DATA FOR THIS EXERCISE:
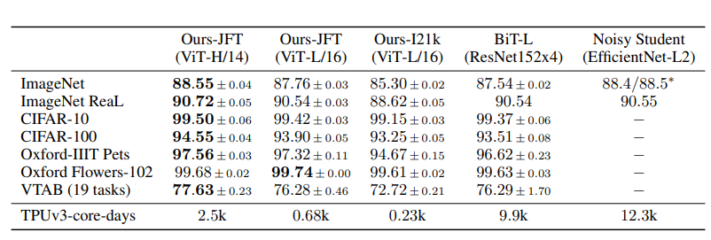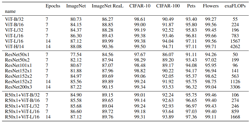 저자는 ResNet, ViT, hybrid(ResNet+ViT)의 학습 능력을 평가하는 실험을 진행한다. pre-training에 사용한 dataset은 ILSVRC-2012 ImageNet, ImageNet-21k, JFT이다. 그리고 나서 더 작은 dataset인 ImageNet, ReaL Labels, CIFAR-10/100, Oxford-IIIT Pets, Oxford Flowers-102, VTAB에 fine tuning을 진행한다.
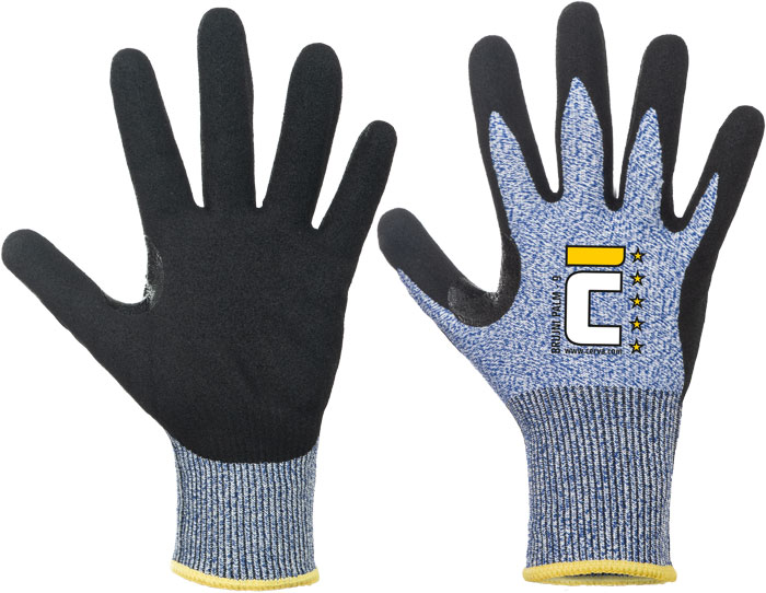 Pletené bezešvé rukavice s máčením v mikroporézním nitrilu v dlani s ochranou vůči řezu B. Zesílení v oblasti mezi palcem a ukazováčkem pro delší životnost rukavice. Vhodné pro manipulaci s ostrými a mastnými díly, manipulaci se sklem, opracování mastných kovů anebo plechů nebo údržbu strojů. Rukavice neobsahuje skelné nebo ocelové vlákno a slpňuje Oeko-Tex.
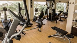Има фитнес център и един басейн с бар.
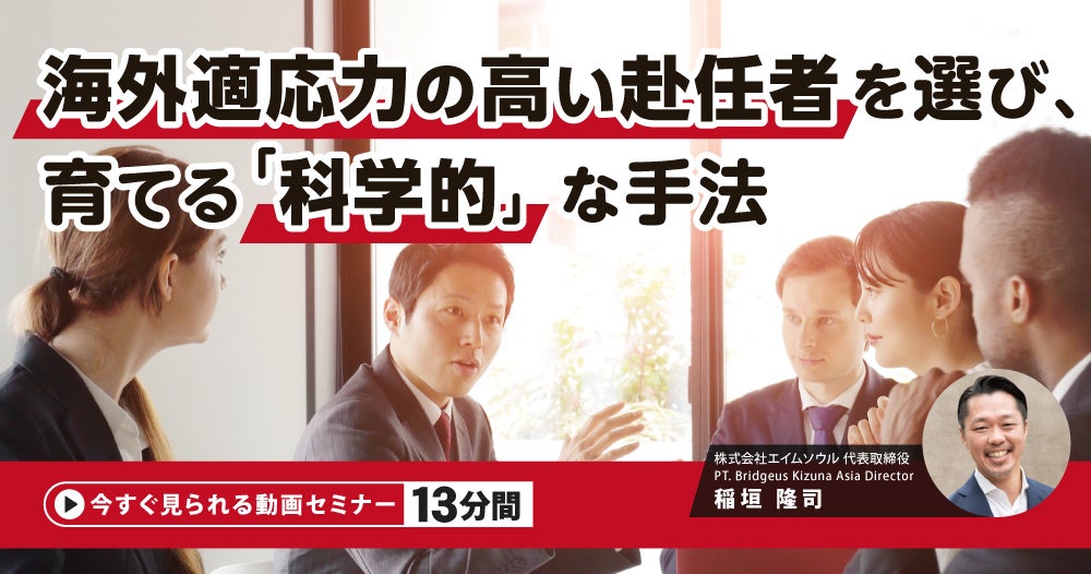 この問題に対して、科学的な方法で海外赴任者の選抜・育成を行う手法と、それを実施している他社事例をご紹介します。動画形式のためいつでも視聴でき、13分間にまとまっておりますのでお気軽にご視聴ください。
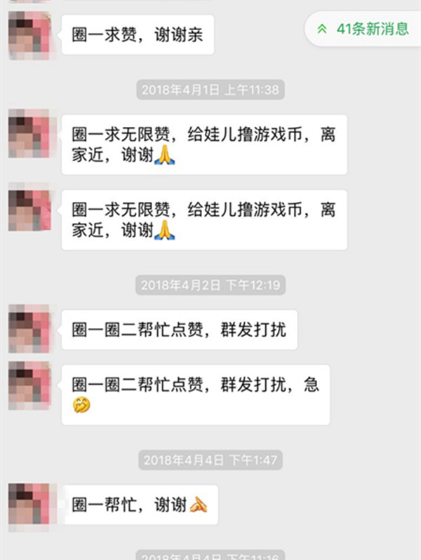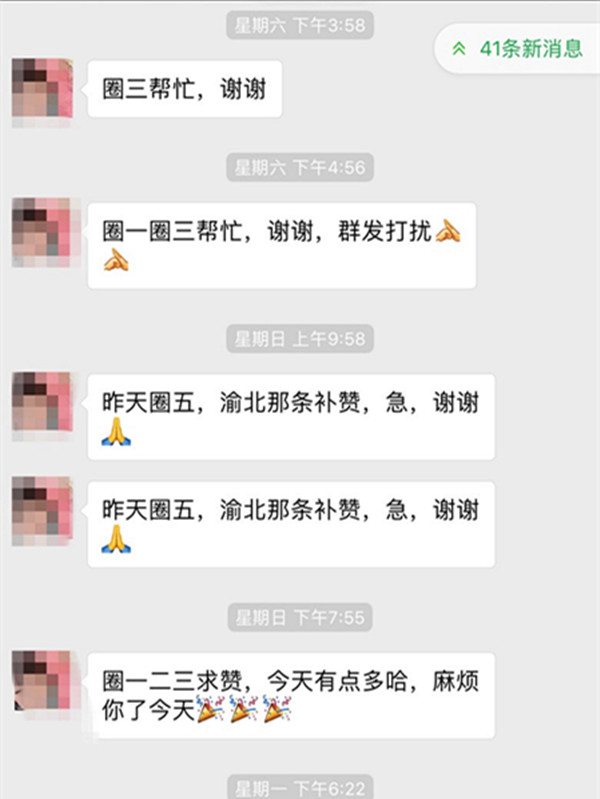 2018年4月17日,有网友爆料,最近遇到了这样的事,有朋友一直群发点赞的事,现在自己犹豫要不要拉黑她这位朋友。据爆料网友介绍,因为工作关系加的好友,最开始每天都会发消息帮她点赞,自己也礼貌地帮忙点一下。可现在,一打开手机全是几条点赞的信息,要么是给孩子点赞,要么是给景区点赞,看到这些信息,简直让人受不了,爆料网友抱怨道。

INSTRUCTIONS TO FOLLOW:
Leave the pictures out and reproduce every record above exactly.

SOLUTION TO THIS TASK:
 저자는 ResNet, ViT, hybrid(ResNet+ViT)의 학습 능력을 평가하는 실험을 진행한다. pre-training에 사용한 dataset은 ILSVRC-2012 ImageNet, ImageNet-21k, JFT이다. 그리고 나서 더 작은 dataset인 ImageNet, ReaL Labels, CIFAR-10/100, Oxford-IIIT Pets, Oxford Flowers-102, VTAB에 fine tuning을 진행한다.
 Pletené bezešvé rukavice s máčením v mikroporézním nitrilu v dlani s ochranou vůči řezu B. Zesílení v oblasti mezi palcem a ukazováčkem pro delší životnost rukavice. Vhodné pro manipulaci s ostrými a mastnými díly, manipulaci se sklem, opracování mastných kovů anebo plechů nebo údržbu strojů. Rukavice neobsahuje skelné nebo ocelové vlákno a slpňuje Oeko-Tex.
Има фитнес център и един басейн с бар.
 この問題に対して、科学的な方法で海外赴任者の選抜・育成を行う手法と、それを実施している他社事例をご紹介します。動画形式のためいつでも視聴でき、13分間にまとまっておりますのでお気軽にご視聴ください。
 2018年4月17日,有网友爆料,最近遇到了这样的事,有朋友一直群发点赞的事,现在自己犹豫要不要拉黑她这位朋友。据爆料网友介绍,因为工作关系加的好友,最开始每天都会发消息帮她点赞,自己也礼貌地帮忙点一下。可现在,一打开手机全是几条点赞的信息,要么是给孩子点赞,要么是给景区点赞,看到这些信息,简直让人受不了,爆料网友抱怨道。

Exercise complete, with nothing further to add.